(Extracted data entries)
*** Begin section ***

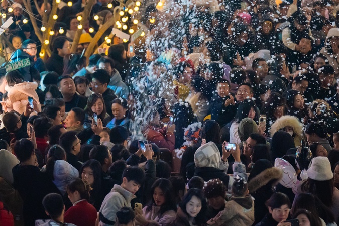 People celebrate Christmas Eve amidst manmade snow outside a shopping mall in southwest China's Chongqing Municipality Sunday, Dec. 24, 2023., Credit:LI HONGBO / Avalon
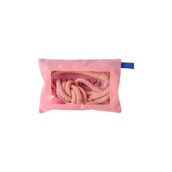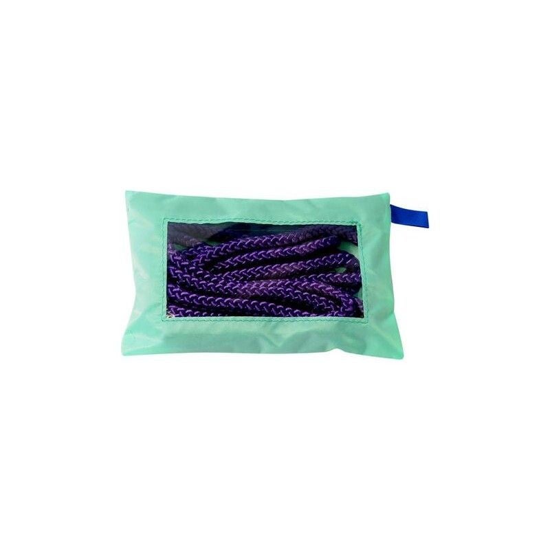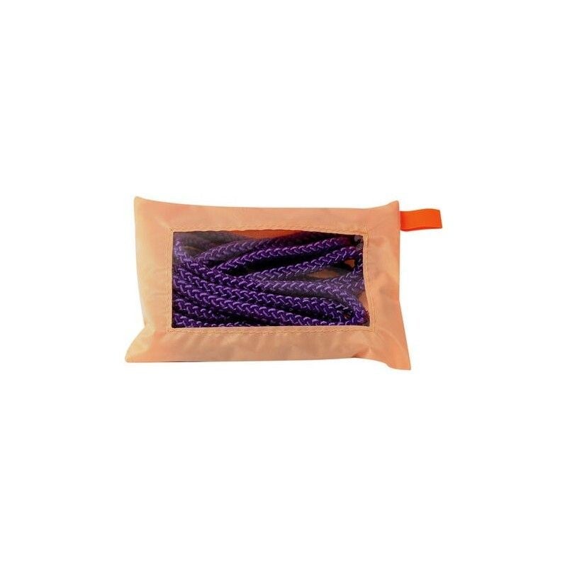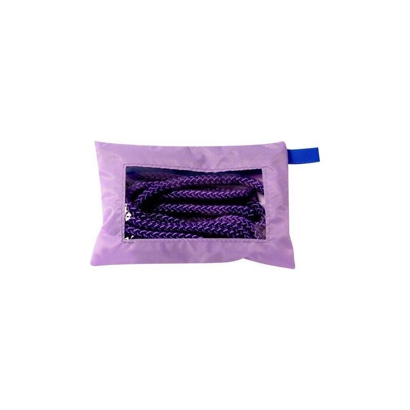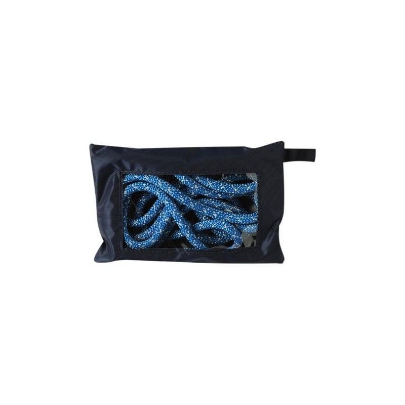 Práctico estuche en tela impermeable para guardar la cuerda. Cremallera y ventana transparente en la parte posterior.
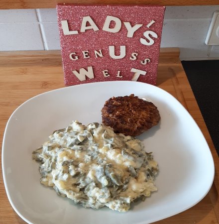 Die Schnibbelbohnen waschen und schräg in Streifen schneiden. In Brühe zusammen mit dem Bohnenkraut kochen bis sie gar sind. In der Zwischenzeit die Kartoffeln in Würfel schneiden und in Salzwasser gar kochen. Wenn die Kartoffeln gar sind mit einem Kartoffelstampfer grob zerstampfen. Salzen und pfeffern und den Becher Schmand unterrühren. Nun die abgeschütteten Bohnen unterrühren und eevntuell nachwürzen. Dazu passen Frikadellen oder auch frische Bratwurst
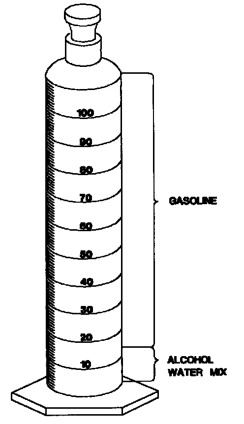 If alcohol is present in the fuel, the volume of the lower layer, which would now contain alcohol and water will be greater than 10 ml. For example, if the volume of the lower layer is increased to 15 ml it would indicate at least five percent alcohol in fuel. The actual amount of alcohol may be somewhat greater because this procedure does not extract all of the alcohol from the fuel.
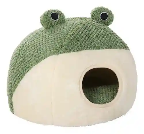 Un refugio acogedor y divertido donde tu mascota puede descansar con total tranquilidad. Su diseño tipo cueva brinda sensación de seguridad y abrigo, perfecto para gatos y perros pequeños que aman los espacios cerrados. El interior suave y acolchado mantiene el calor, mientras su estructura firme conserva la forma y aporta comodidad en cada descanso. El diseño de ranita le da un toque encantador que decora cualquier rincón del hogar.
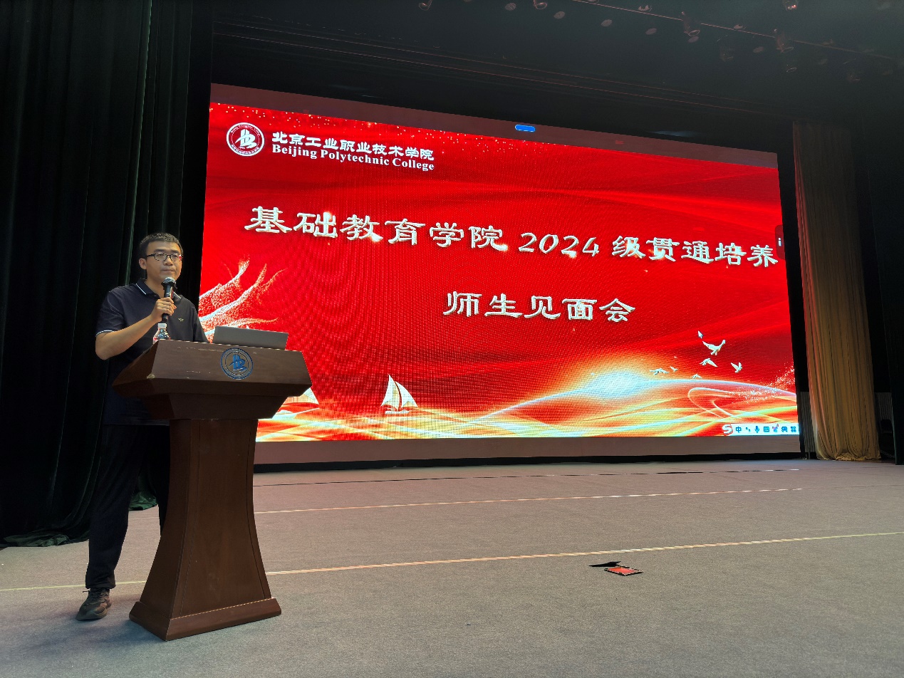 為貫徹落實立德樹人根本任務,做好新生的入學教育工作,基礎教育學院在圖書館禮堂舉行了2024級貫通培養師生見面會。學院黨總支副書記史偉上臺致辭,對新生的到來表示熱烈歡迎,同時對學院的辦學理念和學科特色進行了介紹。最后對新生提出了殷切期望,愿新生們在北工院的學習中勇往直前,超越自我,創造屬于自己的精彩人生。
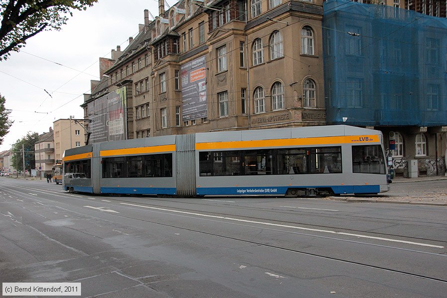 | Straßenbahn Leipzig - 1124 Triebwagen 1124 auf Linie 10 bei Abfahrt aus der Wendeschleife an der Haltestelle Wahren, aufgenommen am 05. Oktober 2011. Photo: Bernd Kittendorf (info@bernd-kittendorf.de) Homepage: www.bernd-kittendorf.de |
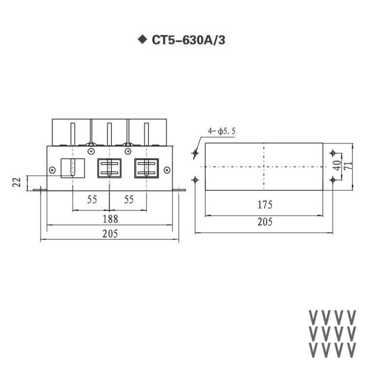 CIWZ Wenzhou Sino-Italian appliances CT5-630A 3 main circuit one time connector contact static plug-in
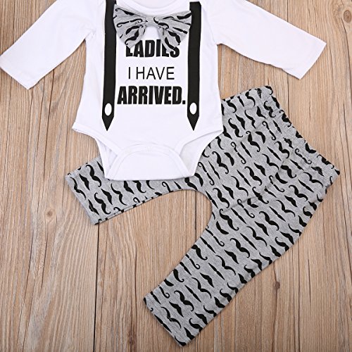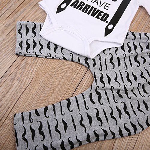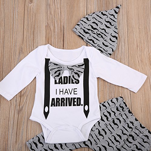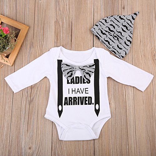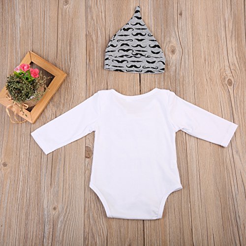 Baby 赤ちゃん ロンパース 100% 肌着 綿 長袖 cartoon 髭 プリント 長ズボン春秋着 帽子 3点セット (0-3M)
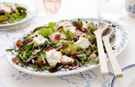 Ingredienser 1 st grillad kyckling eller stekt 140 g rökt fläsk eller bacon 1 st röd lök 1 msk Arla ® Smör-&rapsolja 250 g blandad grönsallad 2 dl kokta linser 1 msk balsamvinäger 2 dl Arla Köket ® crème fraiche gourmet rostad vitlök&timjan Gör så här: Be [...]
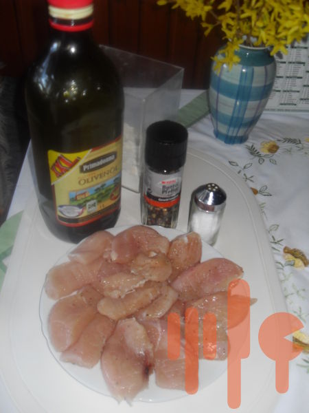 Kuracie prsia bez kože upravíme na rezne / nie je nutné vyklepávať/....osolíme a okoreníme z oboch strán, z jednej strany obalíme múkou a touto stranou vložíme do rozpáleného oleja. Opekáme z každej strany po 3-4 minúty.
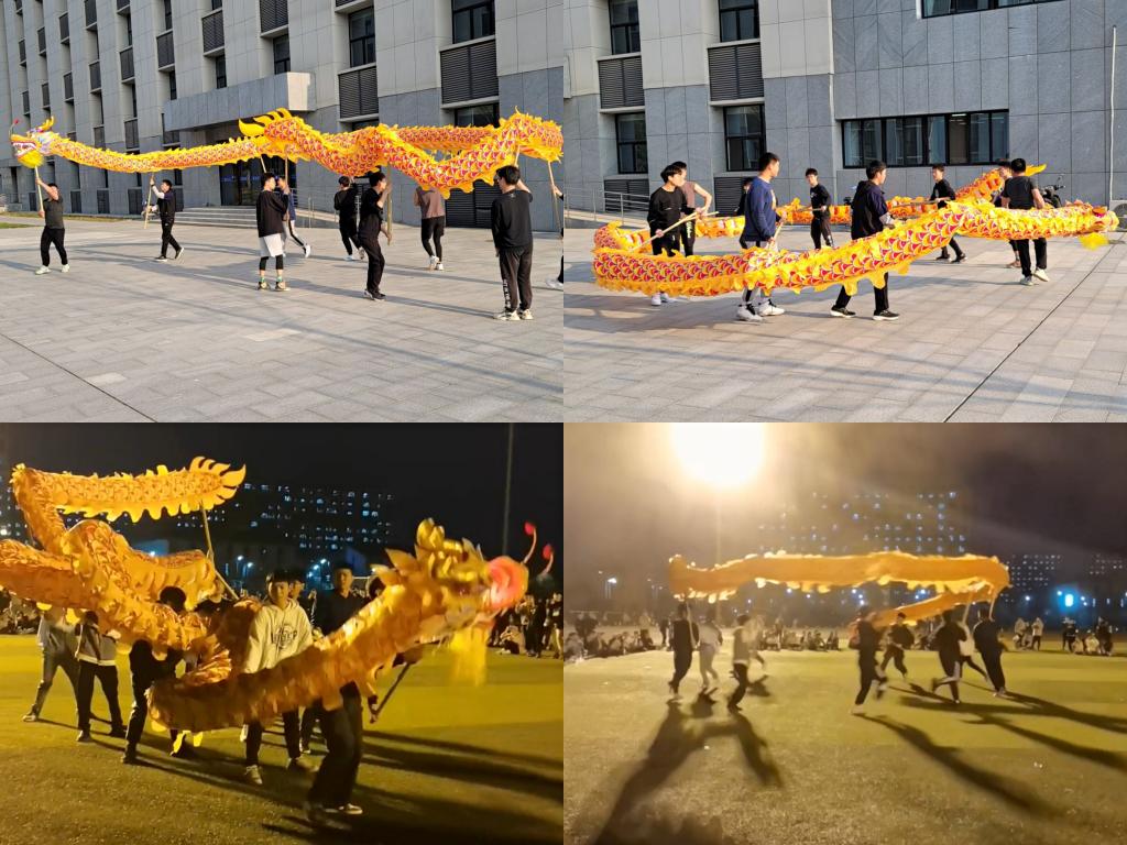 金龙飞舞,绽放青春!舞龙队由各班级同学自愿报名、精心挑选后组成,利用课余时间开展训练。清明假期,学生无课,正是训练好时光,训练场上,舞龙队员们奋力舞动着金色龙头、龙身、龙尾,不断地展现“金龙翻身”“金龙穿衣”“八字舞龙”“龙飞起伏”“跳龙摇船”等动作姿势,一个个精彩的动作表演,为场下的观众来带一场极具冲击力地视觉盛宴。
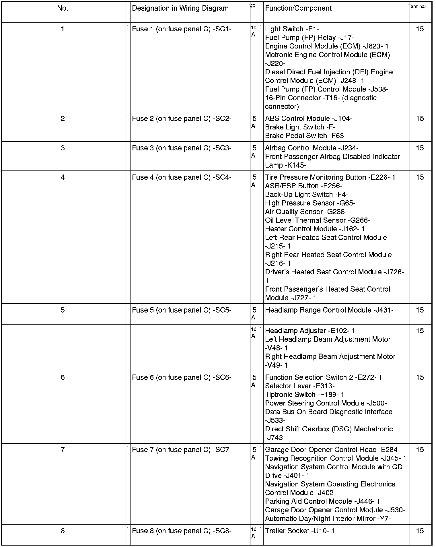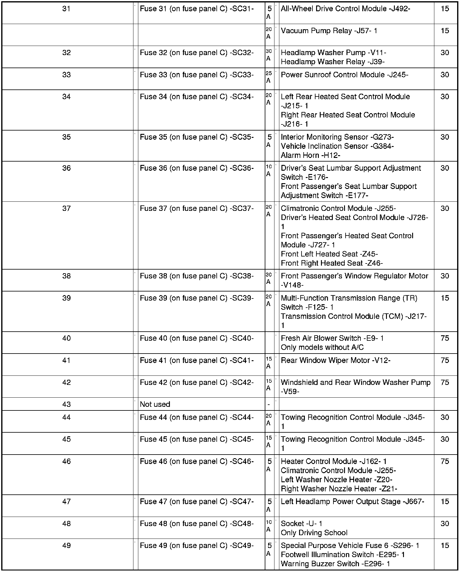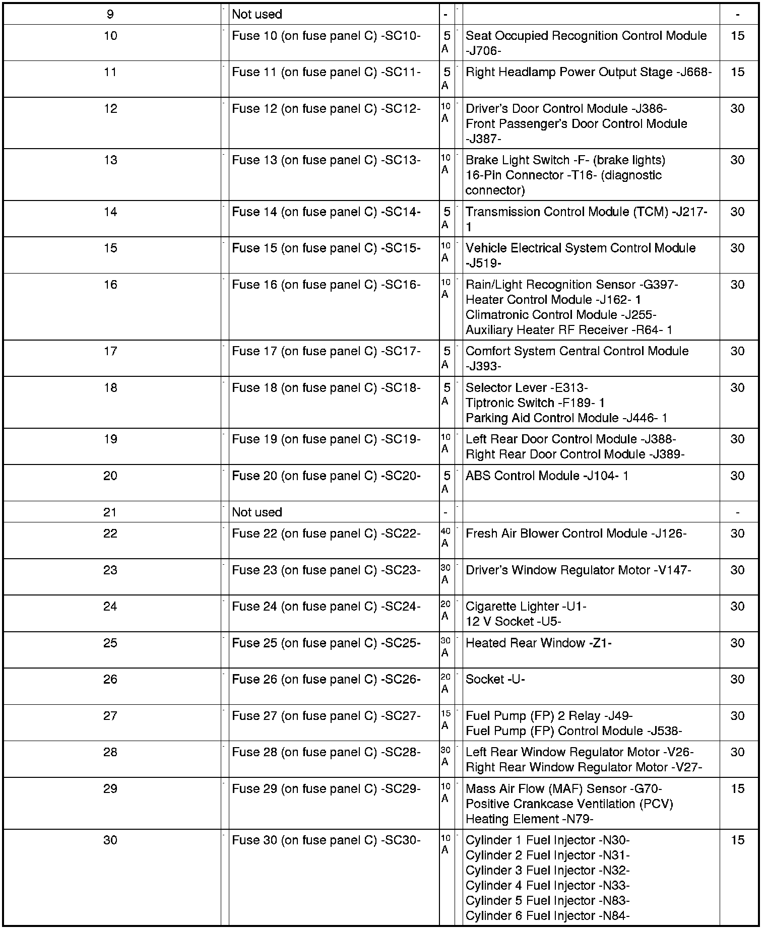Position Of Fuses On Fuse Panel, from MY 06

*** End section ***

In the data above, please extract the lines from the first one through the line with "Práctico estuche en", exactly, and keep pictures out.

 People celebrate Christmas Eve amidst manmade snow outside a shopping mall in southwest China's Chongqing Municipality Sunday, Dec. 24, 2023., Credit:LI HONGBO / Avalon
 Práctico estuche en tela impermeable para guardar la cuerda. Cremallera y ventana transparente en la parte posterior.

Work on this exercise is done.